Microsoft has introduced a new AI model that can replicate any voice from a 3-second sample. This model has been named VALL-E. This model is based on the research being done on Text-to-Speech AI.
Microsoft has introduced an artificial intelligence device named VALL-E, taking its step into the AI world. The new AI model is part of Microsoft's latest research into text-to-speech AI. This model can make a copy of any voice even with a sample of only 3 seconds.
Can copy voice from a 3-second sample
While there are already several services that can create copies of your voice, they usually require a fair amount of input. Microsoft claims that its model can mimic someone's voice with just three seconds of the audio sample.
Information found in the report
A report by Windows Central revealed that this AI tool was trained on 60,000 hours of English speech data and short clips of specific voices to improve the content. The report also states that while some of the recordings sound natural, others sound like they were created by a robot or machine.
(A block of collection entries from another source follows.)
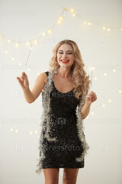Улыбающаяся женщина с бенгальскими огнями
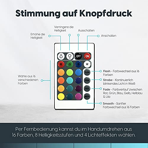 FARBENFROH. Per Fernbedienung kannst du im Handumdrehen sämtliche 16 Farben, 8 Helligkeitsstufen dimmbar und 4 Lichteffekten „Flash“, „Strobe“, „Fade“ und „Smooth“ Entscheidung und mit Kubi Wohlfühlatmosphäre oder Partystimmung auf Knopfdruck erzeugen.
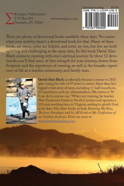 Are you a runner? Do you want to be? Are you running the race toward God’s high calling for you? This is the book for you. There are plenty of devotional books available these days. No matter what your activity, there’s a devotional book for that. Many of these books are sweet, some are helpful, and some are fun, but few are both uplifting and challenging at the same time. David Alan Black is a biblical scholar and serious theological thinker who also runs — on his own, 5k, half marathons, marathons, and ultramarathons. In this book he connects running with one’s spiritual journey. In these 52 devotionals, you’ll find some of that strength for your journey, drawn from scripture and the experience of running, as well as the broader experience of life as a teacher, missionary, and family man. Whether you are just looking out your front door and thinking, "I should get more exercise" or are an experienced runner, this book will help you reach your next goal.
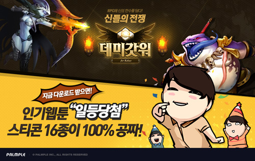 ... 일등당첨은 복권당첨이라는 누구나 꿈꿀 법한 흥미로운 소재를 다룬 웹툰으로, 네이버 웹툰 평균 평점 9. 9점을 넘는 등 큰 인기를 얻고 있다. 선물로 제공되는 스티콘은 데미갓워를 위해 특별 제작된 한정판으로, 작가 미티의 그림 스타일을 카카오톡에서도 즐길 수 있다
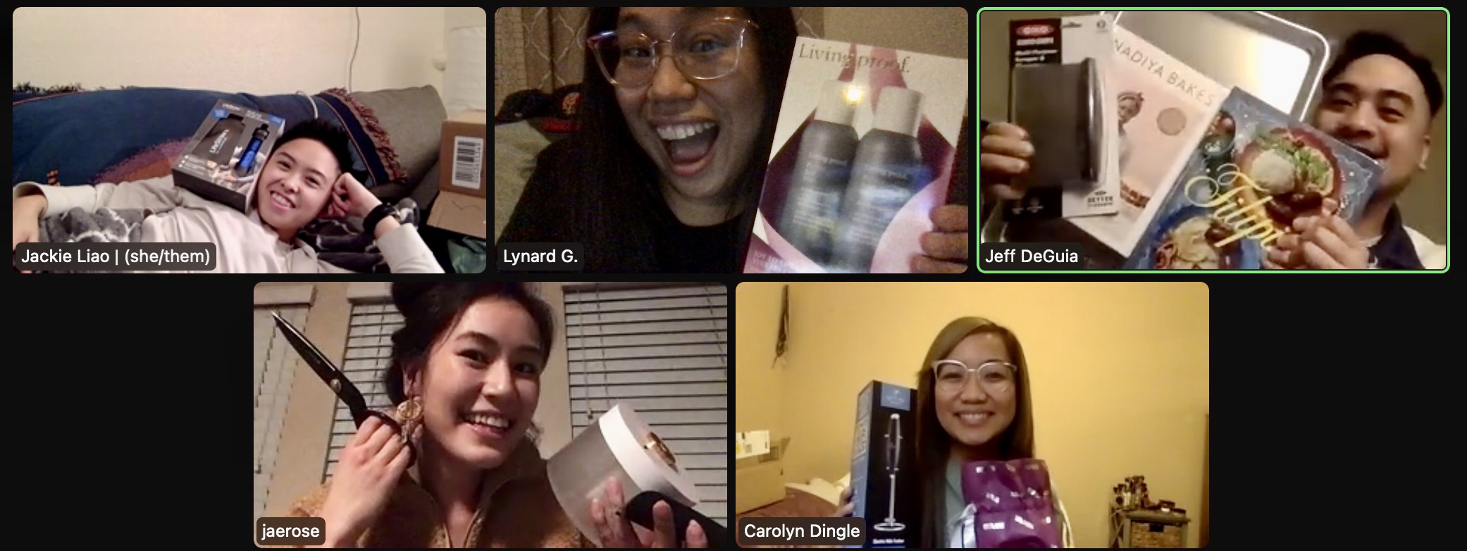 So tonight had a late Secret Santa exchange with Barkadas ❤️. We set a day to meet virtually and mailed our gifts to each other beforehand 🎁. This group is very special to me and includes my pledge sister Jackie, another Kappa sister Lynard, former roommate Jeff, and friend from CSULB/PAC Jessica. Jackie and I are in NorCal and Jess, Jeff, and Lynard are in SoCal. We all became close after working together for Fil-Am ARTS and helped organize the Festival of Pilipino American Arts and Culture (FPAC) in LA. We did already know each other from Kappa and PAC at CSULB, except for Jeff who we met through FPAC (yay lol).

Whereas if the AI model is supplied with a larger sample set, VALL-E may be able to create more realistic samples.
What can be the disadvantages?
VALL-E can have many positive uses, including in the production industry. But it can also have some dangers. People can use VALL-E to make spam calls to defraud genuine and unknown users. Apart from this, the voice of politicians or people with social influence can also be copied. It also poses a threat in cases where the voice is used as a password.